5Specifically, it is reflected as a liability on the balance sheet of the securities lender and as an asset on the balance sheet of the securities borrower.

6For simplicity, this example assumes that collateral is posted at 100%.

7The only situation in which the statement in the text (that inclusion of marks in the QDP amount cannot, by definition, distort the amount that is treated as a base eroding payment) would not be accurate would be in the very rare case that the derivatives fail to meet the QDP definition for reasons other than a failure to meet the reporting requirement. In that event, though, (a) the inaccuracy of the base eroding amount is not attributable to the inclusion of marks in the QDP report and (b) the taxpayer would in any case be required to determine the actual base erosion payment amounts.

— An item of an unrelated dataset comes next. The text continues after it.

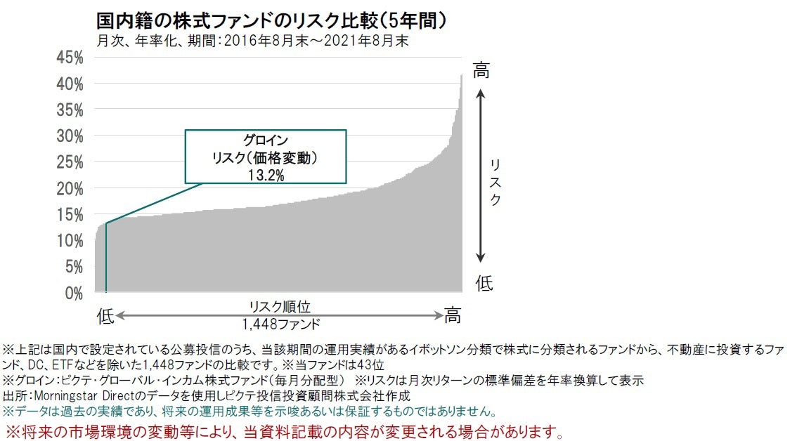 グロインのリスク(価格変動)は主要株式のなかでは相対的に低く、国内で設定されている株式を投資対象とするファンドのなかでも、リスクが最低水準のファンドのひとつです。

8We recognize that obligations to return borrowed securities and rights to receive back loaned securities are themselves “derivatives” as that term is defined in Section 59A(h)(4)(A); this letter is premised on that recognition. It is nevertheless critical, as we discuss in the text, to distinguish between those derivatives that are tracked for financial statement purposes and those — specifically positions with respect to borrowed and loaned securities — that are not. For convenience, the text categorizes the latter as “not derivatives” notwithstanding their inclusion in Section 59A(h)(4)(A).

9There are two limited exceptions. The first is for cases where a security borrowed by a financial institution is shorted to a third party and where the financial information relates to that third party transaction (but even here it is not possible to trace any particular short position to any particular borrowing). The second is for cases where a security that is owned outright (versus cases where the security is borrowed from another taxpayer) is loaned out. In that case, some financial institutions are able to track marks on those securities in a manner that allows them to take those marks into account in calculating the denominator (consistent with the BEAT netting rule). In such a case, the tracking of such marks would continue during a period that such owned-outright security was loaned out; in fact, it would be difficult to distinguish marks on “unloaned” securities from marks on loaned securities.

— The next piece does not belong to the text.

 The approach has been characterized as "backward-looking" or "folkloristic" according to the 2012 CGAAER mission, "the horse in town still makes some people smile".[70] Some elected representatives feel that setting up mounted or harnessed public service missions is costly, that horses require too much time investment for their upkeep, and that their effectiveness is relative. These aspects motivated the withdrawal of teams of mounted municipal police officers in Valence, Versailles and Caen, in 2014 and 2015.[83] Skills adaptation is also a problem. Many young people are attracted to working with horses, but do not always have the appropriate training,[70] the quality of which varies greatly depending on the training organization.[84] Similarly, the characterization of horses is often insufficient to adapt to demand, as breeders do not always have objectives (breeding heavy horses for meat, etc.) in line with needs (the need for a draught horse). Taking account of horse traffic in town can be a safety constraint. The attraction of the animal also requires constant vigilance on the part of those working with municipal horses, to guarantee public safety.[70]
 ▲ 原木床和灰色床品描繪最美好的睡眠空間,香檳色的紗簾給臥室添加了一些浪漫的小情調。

10Consistent with the above, SIFMA agrees that it would be reasonable for the IRS to require that to the extent that (a) a taxpayer does use the BEAT Netting Rule for SBLs (and not merely shorts of borrowed securities and loans of securities it owns outright) for purposes of the denominator of the base erosion percentage, and (b) the method used for calculating such denominator amounts allows calculation of corresponding amounts for purposes of such reporting, it should also be required to use the BEAT Netting Rule for purposes of QDP reporting. Thus, for example, assume that in calculating the denominator, a taxpayer (i) tracks marks on securities that it owns outright (versus securities that it borrows to relend), (ii) tracks those marks both during the period it does not lend out such securities and the period that it does, and (iii) is able to distinguish marks on such securities while they are loaned out from marks on such securities while they are not loaned out. In that case, it should be consistent in taking into account marks on loaned securities for purposes of the QDP reporting requirement if the security was loaned to a related non-US borrower, albeit only to the extent that it is knowable that the related non-US person was actually the borrower. As noted in footnote 3, though, we believe that few, if any taxpayers will — even if they have the ability to track marks on securities owned outright — have the ability to distinguish between marks on unloaned securities and marks on loaned securities. Of course, of relevance here, marks on loaned securities ought not to be viewed as base eroding payments in any case, and the IRS thus would not be deprived of any relevant information by the non-inclusion of such marks in the QDP report.